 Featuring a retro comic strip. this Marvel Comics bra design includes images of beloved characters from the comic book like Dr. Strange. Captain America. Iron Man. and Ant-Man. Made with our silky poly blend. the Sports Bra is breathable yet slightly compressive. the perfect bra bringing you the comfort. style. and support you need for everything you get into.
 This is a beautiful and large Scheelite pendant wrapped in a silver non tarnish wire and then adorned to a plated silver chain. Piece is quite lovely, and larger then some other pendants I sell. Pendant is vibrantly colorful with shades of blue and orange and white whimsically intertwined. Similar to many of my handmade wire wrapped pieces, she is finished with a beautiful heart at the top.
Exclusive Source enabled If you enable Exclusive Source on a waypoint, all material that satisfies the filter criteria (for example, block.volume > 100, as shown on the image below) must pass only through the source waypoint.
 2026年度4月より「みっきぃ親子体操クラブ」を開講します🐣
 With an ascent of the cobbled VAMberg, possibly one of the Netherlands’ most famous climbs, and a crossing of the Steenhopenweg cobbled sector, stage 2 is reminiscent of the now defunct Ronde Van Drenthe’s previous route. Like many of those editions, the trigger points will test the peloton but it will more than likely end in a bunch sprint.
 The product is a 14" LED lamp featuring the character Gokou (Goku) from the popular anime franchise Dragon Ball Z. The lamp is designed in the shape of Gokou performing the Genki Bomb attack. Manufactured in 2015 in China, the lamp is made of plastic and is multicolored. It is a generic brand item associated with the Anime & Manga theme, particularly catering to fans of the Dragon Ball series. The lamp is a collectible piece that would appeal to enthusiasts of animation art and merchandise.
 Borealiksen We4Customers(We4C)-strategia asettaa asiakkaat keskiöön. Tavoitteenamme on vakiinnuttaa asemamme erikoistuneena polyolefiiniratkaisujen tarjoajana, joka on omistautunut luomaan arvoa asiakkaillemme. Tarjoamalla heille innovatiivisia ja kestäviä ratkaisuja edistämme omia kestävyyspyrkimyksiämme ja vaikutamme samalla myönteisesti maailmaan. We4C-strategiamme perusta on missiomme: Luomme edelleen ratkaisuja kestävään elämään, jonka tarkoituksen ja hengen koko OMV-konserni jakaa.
————————
ASSIGNMENT>
Write out each entry above exactly as it is written.

SOLUTION BELOW>
 Featuring a retro comic strip. this Marvel Comics bra design includes images of beloved characters from the comic book like Dr. Strange. Captain America. Iron Man. and Ant-Man. Made with our silky poly blend. the Sports Bra is breathable yet slightly compressive. the perfect bra bringing you the comfort. style. and support you need for everything you get into.
 This is a beautiful and large Scheelite pendant wrapped in a silver non tarnish wire and then adorned to a plated silver chain. Piece is quite lovely, and larger then some other pendants I sell. Pendant is vibrantly colorful with shades of blue and orange and white whimsically intertwined. Similar to many of my handmade wire wrapped pieces, she is finished with a beautiful heart at the top.
Exclusive Source enabled If you enable Exclusive Source on a waypoint, all material that satisfies the filter criteria (for example, block.volume > 100, as shown on the image below) must pass only through the source waypoint.
 2026年度4月より「みっきぃ親子体操クラブ」を開講します🐣
 With an ascent of the cobbled VAMberg, possibly one of the Netherlands’ most famous climbs, and a crossing of the Steenhopenweg cobbled sector, stage 2 is reminiscent of the now defunct Ronde Van Drenthe’s previous route. Like many of those editions, the trigger points will test the peloton but it will more than likely end in a bunch sprint.
 The product is a 14" LED lamp featuring the character Gokou (Goku) from the popular anime franchise Dragon Ball Z. The lamp is designed in the shape of Gokou performing the Genki Bomb attack. Manufactured in 2015 in China, the lamp is made of plastic and is multicolored. It is a generic brand item associated with the Anime & Manga theme, particularly catering to fans of the Dragon Ball series. The lamp is a collectible piece that would appeal to enthusiasts of animation art and merchandise.
 Borealiksen We4Customers(We4C)-strategia asettaa asiakkaat keskiöön. Tavoitteenamme on vakiinnuttaa asemamme erikoistuneena polyolefiiniratkaisujen tarjoajana, joka on omistautunut luomaan arvoa asiakkaillemme. Tarjoamalla heille innovatiivisia ja kestäviä ratkaisuja edistämme omia kestävyyspyrkimyksiämme ja vaikutamme samalla myönteisesti maailmaan. We4C-strategiamme perusta on missiomme: Luomme edelleen ratkaisuja kestävään elämään, jonka tarkoituksen ja hengen koko OMV-konserni jakaa.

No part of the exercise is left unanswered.